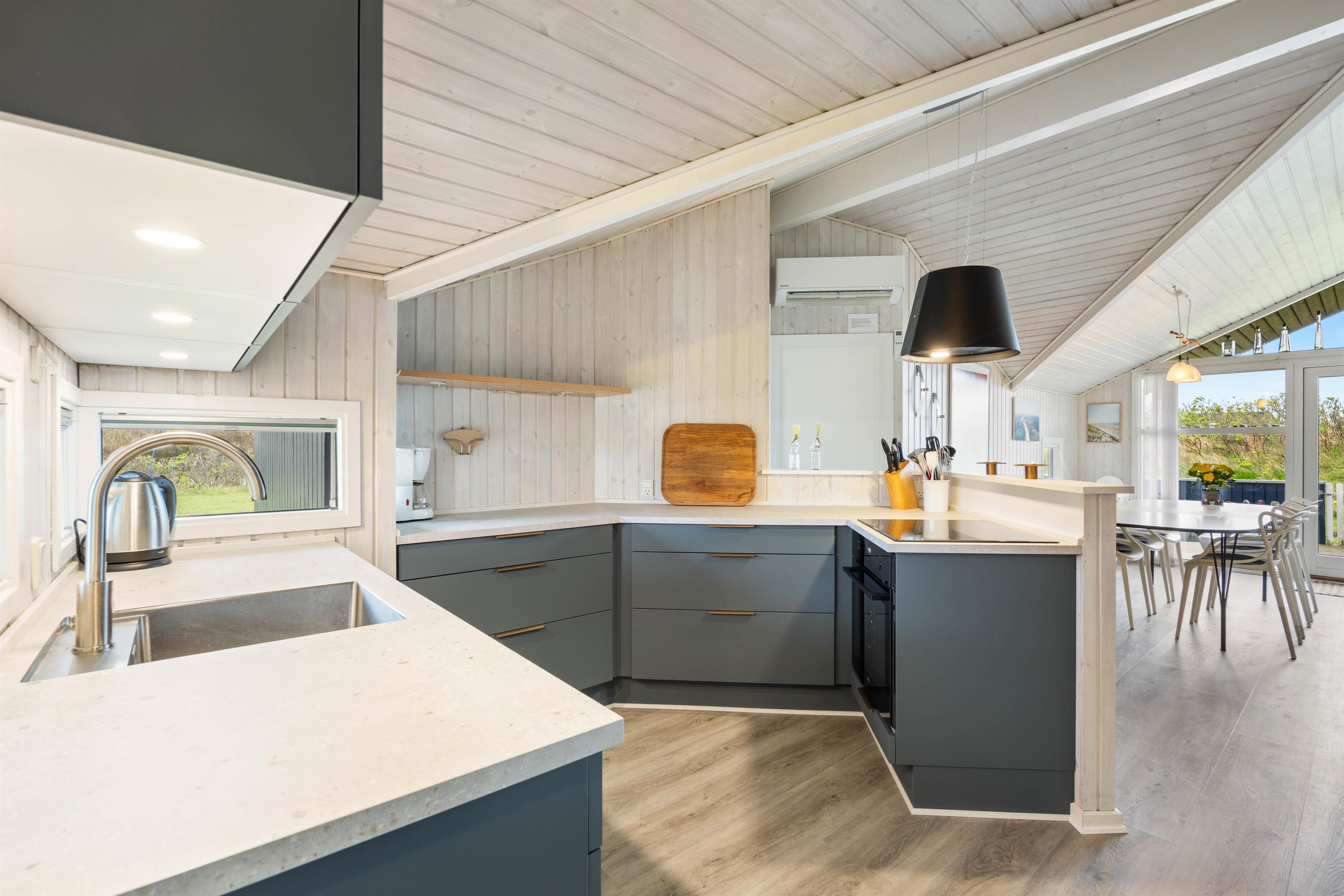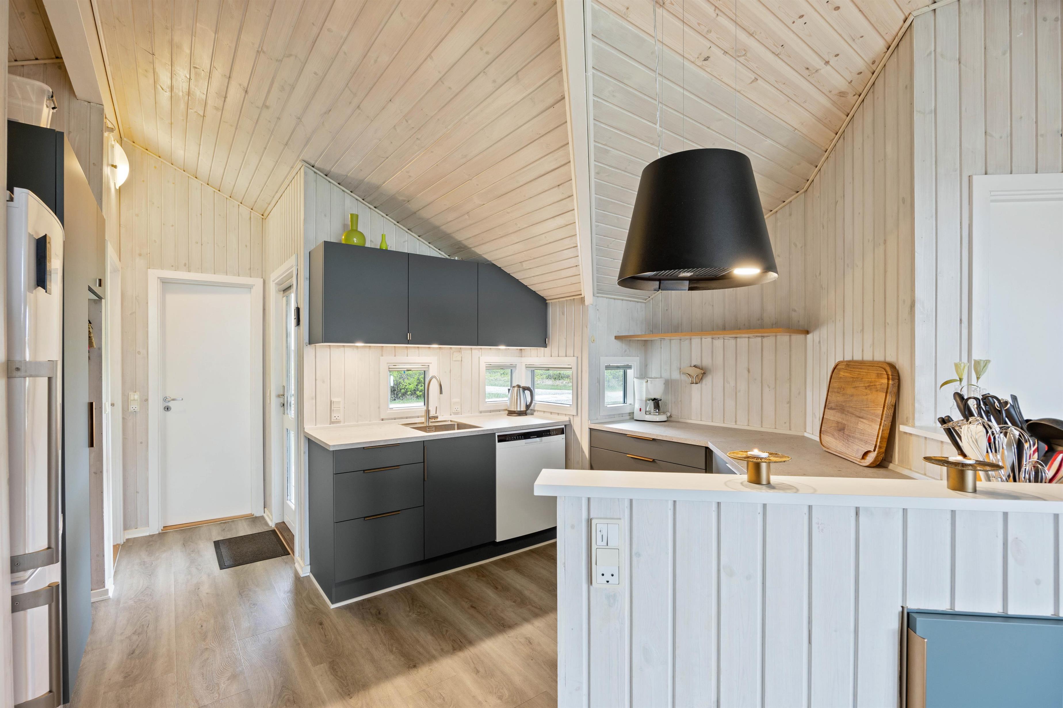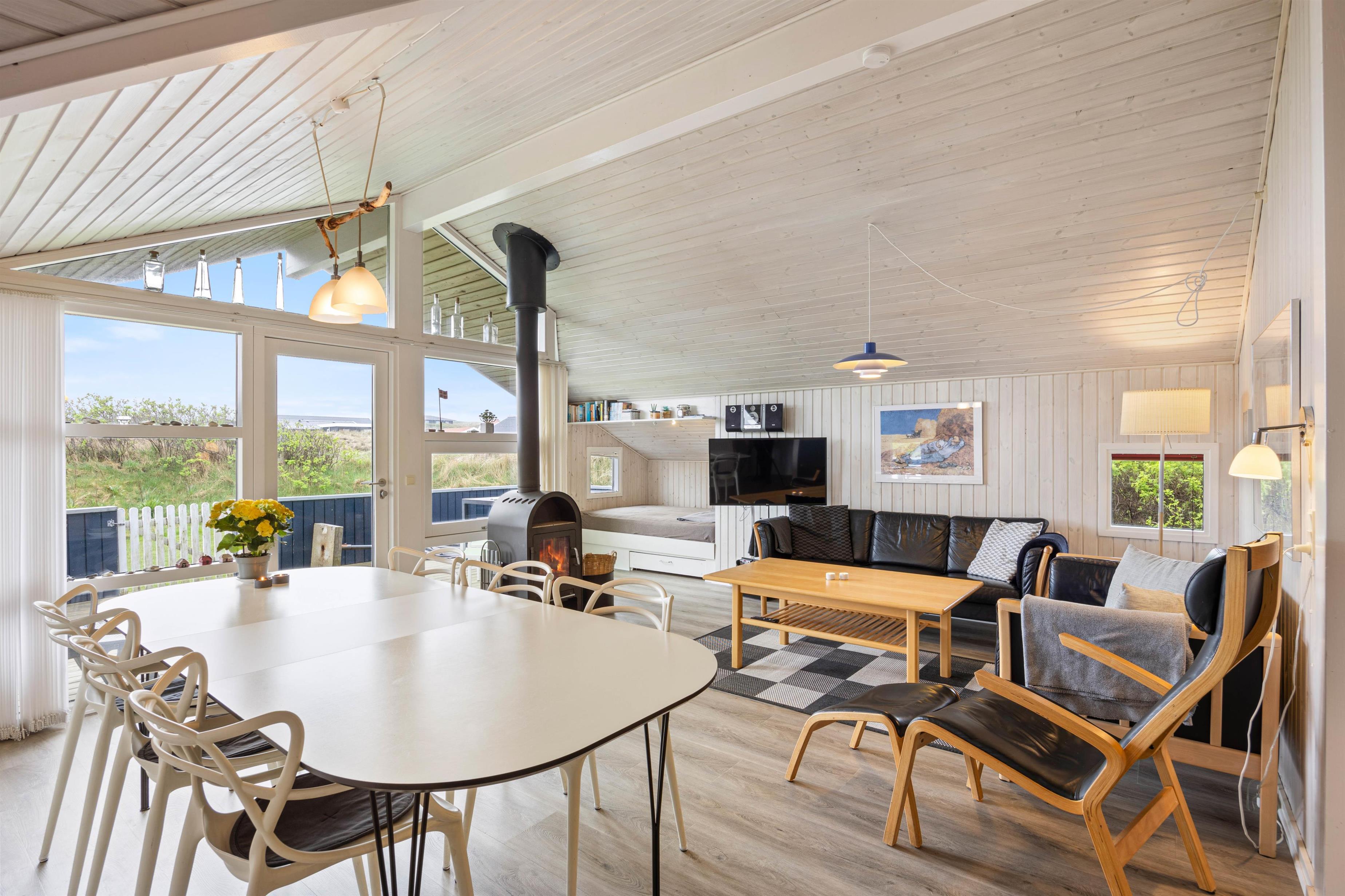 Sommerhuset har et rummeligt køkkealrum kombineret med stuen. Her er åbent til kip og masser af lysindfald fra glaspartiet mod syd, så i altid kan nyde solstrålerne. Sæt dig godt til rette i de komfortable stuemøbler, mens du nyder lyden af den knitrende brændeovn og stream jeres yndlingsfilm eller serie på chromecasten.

━━━━

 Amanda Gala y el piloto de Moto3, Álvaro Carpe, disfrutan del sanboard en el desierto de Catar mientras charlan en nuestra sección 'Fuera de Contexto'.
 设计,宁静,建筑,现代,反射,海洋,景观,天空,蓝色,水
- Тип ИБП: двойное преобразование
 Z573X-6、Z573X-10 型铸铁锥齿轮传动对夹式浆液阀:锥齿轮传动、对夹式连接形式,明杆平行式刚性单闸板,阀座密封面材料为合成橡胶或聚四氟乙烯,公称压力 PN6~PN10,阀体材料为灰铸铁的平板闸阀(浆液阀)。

━━━━

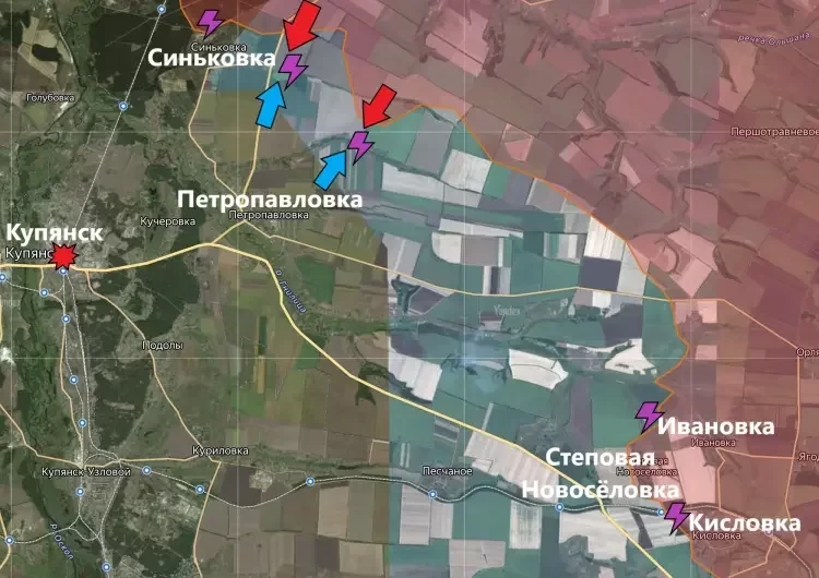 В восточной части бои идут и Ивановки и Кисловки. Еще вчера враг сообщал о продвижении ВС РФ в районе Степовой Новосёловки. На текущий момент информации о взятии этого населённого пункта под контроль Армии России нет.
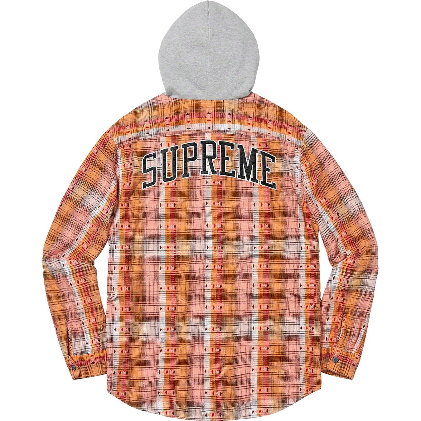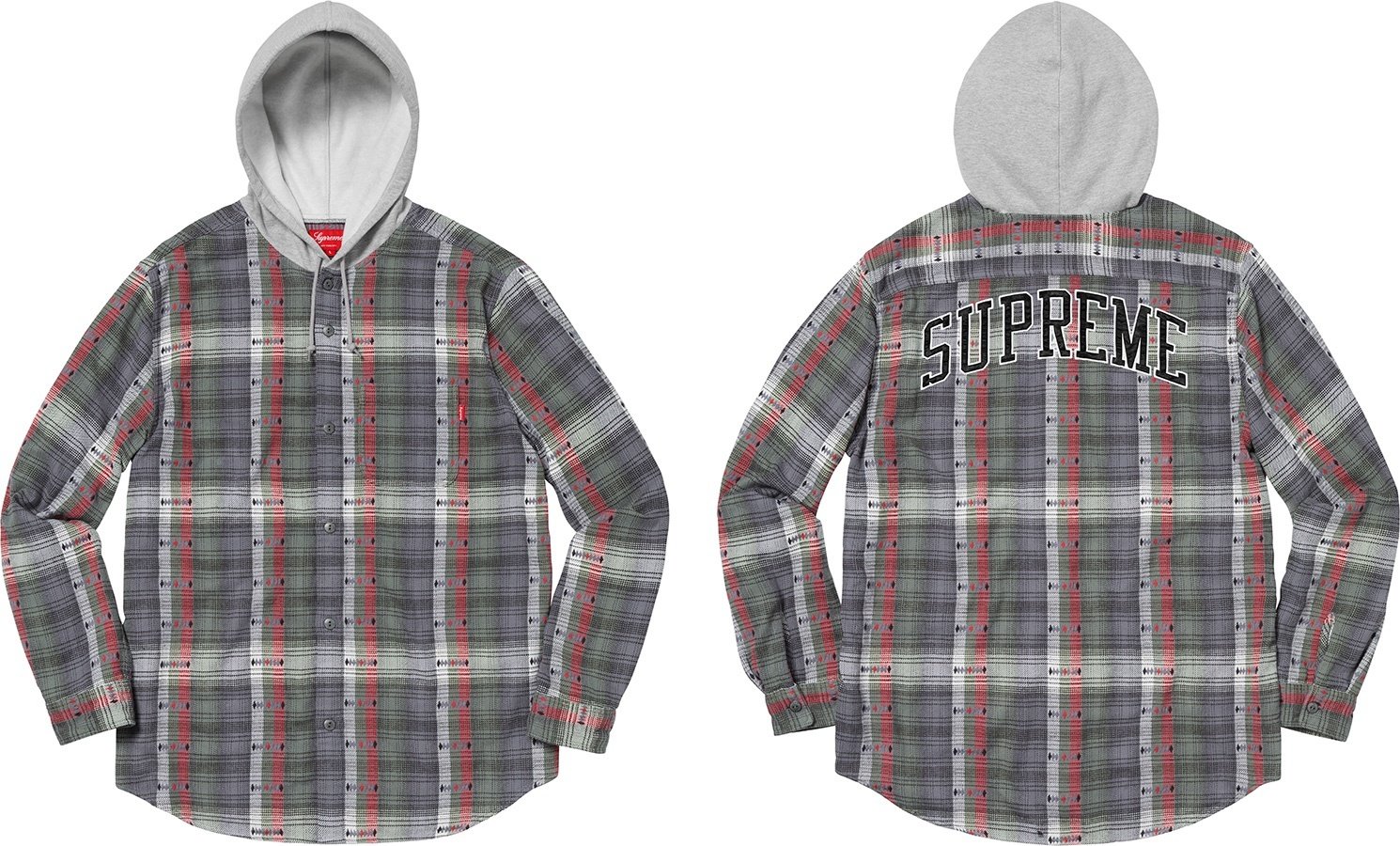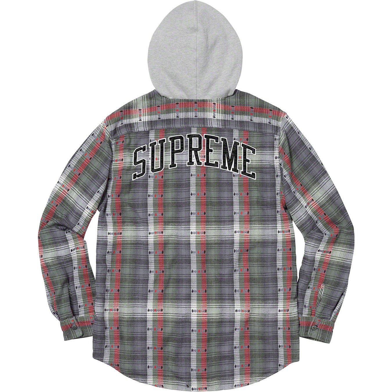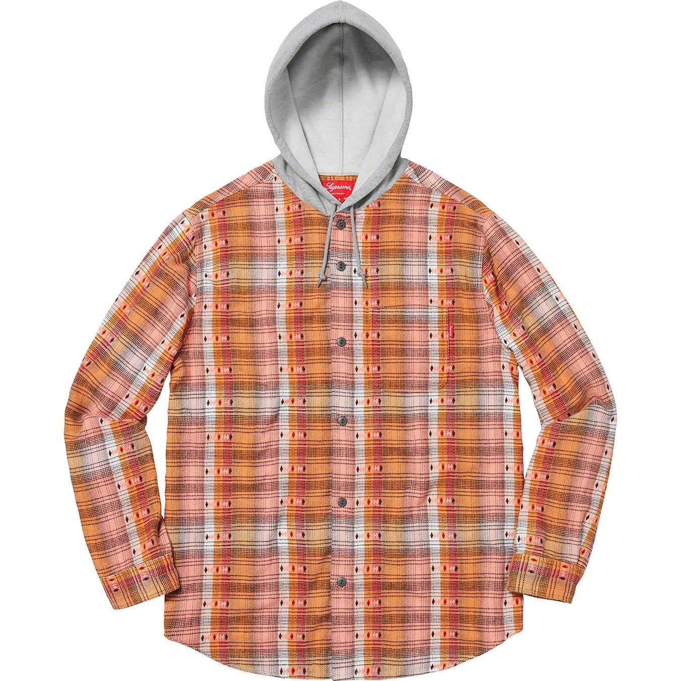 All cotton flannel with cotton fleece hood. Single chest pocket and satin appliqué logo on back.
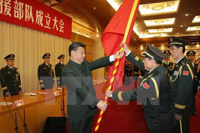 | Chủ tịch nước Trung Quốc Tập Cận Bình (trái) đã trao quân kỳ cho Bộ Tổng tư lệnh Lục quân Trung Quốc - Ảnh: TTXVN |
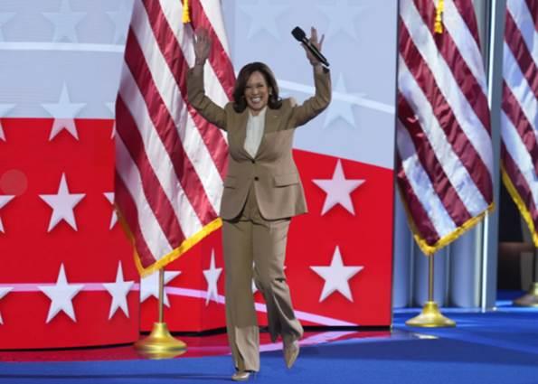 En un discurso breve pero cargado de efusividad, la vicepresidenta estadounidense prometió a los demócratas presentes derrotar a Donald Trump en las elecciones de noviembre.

━━━━

Task:
Your answer is the exact run of lines above from the one with "В восточной части" through the one with "All cotton flannel", both ends included, minus any picture.

Solution to the problem:
 В восточной части бои идут и Ивановки и Кисловки. Еще вчера враг сообщал о продвижении ВС РФ в районе Степовой Новосёловки. На текущий момент информации о взятии этого населённого пункта под контроль Армии России нет.
 All cotton flannel with cotton fleece hood. Single chest pocket and satin appliqué logo on back.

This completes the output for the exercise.